13. Recent research shows that, in terms of GDP per head in purchasing power parity (PPP), the position of a number of countries in the region has deteriorated compared with the EU15 in 1910–2004 (cf. Kekic, Citation2005).

14. This holds true for both types of actors: those with an informal/criminal slant and others such as service-delivery NGOs, which took over the provision of some of the services normally provided by the state.

15. The outcome of Croatian elections has at times been determined by the diaspora vote.

16. Funding from the Croatian state to Bosnian Croat structures extended informally during 2000; from then on much smaller amounts were redirected through the Bosnian Federation government structures. Funding from Croat diasporas continues, with initiatives promoting the goal of Bosnian Croat autonomy.

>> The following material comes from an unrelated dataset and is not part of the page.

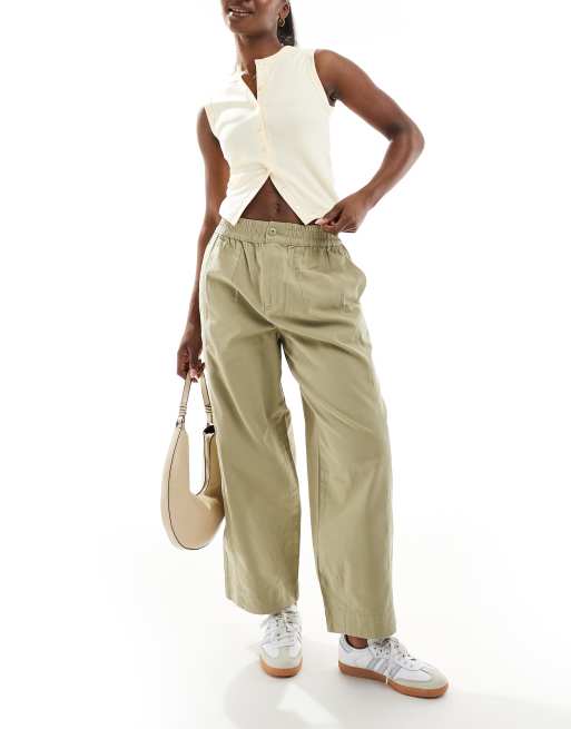 ASOS DESIGN laundered barrel pull on trousers in khaki

17. The provision of services by international non-governmental organizations can have a similar effect.

18. This then provides a direct route through which organized crime becomes an actor influencing local processes.

19. The reasons for the poor effectiveness of some internationally sponsored schemes are organizational issues, inadequate funding and, in the case of development assistance, corruption.

20. Organized crime also flourishes in a strongly interventionist state.

21. Not even Albania which, despite bouts of violence, escaped a full scale conflict, has been safe from it.

22. Severing the links with organized crime has been daunting, even when attempted under international pressure. This was illustrated by the assassination of Serbia's Prime Minister Zoran Dindjić, killed because he was attempting to clamp down on organized crime.